Study Says Strip Clubs Don’t Attract Crime

A group of strip clubs have released a study showing that such clubs don’t attract crime.

The study, which is said to have examined police responses over an eight-year period at three Seattle strip clubs, says that there was no evidence to show that they needed more police attention than other businesses, the Seattle Times reported.

The study was part of an effort in support of a referendum placed on the Nov. 7 ballot by several area clubs that aim to overturn the city’s tough ordinance regulating clubs that was approved last year. Under the measure, dancers are required to remain at least four feet away from customers at all times. It also bans the direct tipping of dancers and also requires brighter lighting at clubs.

City officials said they had not seen the study, but nonetheless dismissed it, saying it was biased on behalf of the clubs.

Daniel Linz, a professor of communication and law and society at the University of California, Santa Barbara, conducted the study for the clubs. Linz is said to work for the adult entertainment industry regularly in order to dispute claims that it attracts crime or other negative after effects.

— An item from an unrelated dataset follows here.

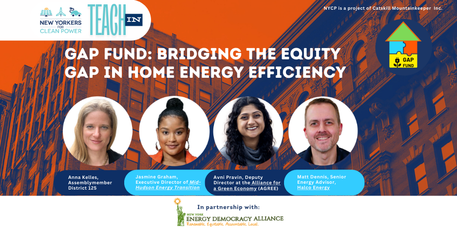 In January, our expert panel and advocates joined us for the “The GAP Fund: Bridging the Equity Gap in Home Energy Efficiency” Teach-In. We’re energized by the important conversations and engagement around ensuring all New Yorkers—especially low- and moderate-income households—can access home energy upgrades that improve health, lower costs, and support an equitable clean energy transition.
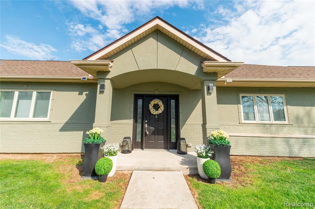 Exceptional sprawling broad front ranch situated on a corner lot of over 1/2 acre just a short distance from the Detroit River. This 2,624 sq ft open-concept home was completely renovated and redesigned in 2015 and features 3 bedrooms and 2 full baths. Move-in ready—get your keys at closing. Vaulted ceilings and skylights flood the home with natural light, while architectural details such as stacked stone accent walls and backlit birch tree features create a warm, modern ambiance. Radiant heated stained and sealed concrete floors run throughout, complemented by a forced-air furnace and central air for year-round comfort. Oversized gourmet kitchen features a 36" professional gas range, hammered copper farmhouse sink, extensive granite countertops, tile backsplash, KraftMaid cabinetry, under-counter beverage refrigerator, and generous space for a large dining table with built-in dry bar. Spacious great room showcases a built-in fireplace with stacked stone surround. Newer sunroom with Andersen windows and doors expands the living space and opens to an adjacent patio for seamless indoor-outdoor living. Primary ensuite offers a spa-like experience with a double shower featuring a dual shower system or enjoy as a walk-in rainfall shower, along with bidet and dual sinks. Oversized 4-car garage includes massive attic storage, two EV receptacles, and interlock generator hookup. Ring security cameras included. Roof on home and shed approximately 12 years old. True ranch living with no steps. Built with 12" block construction and R-38 insulation in both walls and attic for added efficiency and durability.

The study examined the clubs Rick’s, in Lake City; the Déjà Vu, near the Pike Place Market, and the Sands club in Ballard. Only Centerfolds, the other licensed club in the city, did no participate in the study.

According to the study, police responded to about 1,200 service calls at a Fred Meyer store on Lake City Way between March 1998 and June 2006, compared to just 375 at Rick’s during the same period.

Most police activities at Rick’s and other clubs involved undercover vice inspections to determine whether dancers were violating rules barring sexually touching patrons. The study said that most of those inspections have been reduced over the last few years due to budget cuts and by shifting members of the vice unit to other areas such as liquor inspections and street prostitution.

The study contends that such decline in inspections shows that law enforcement does not view strip club activities as a threat to public safety.

But Assistant Police Chief Linda Pierce said that the number of police calls does not mean strip clubs are any safer than other businesses, adding that she felt that strip club patrons are unlikely to call police if they see a crime take place in a club.

Police said they frequently cite dancers for violating the city’s sexual contact rules with customers when undercover officers are sent to clubs. The city has suspended the licenses of 114 dancers for various rules violations since 2002, of which 26 were reversed on appeals, the city’s licensing office said.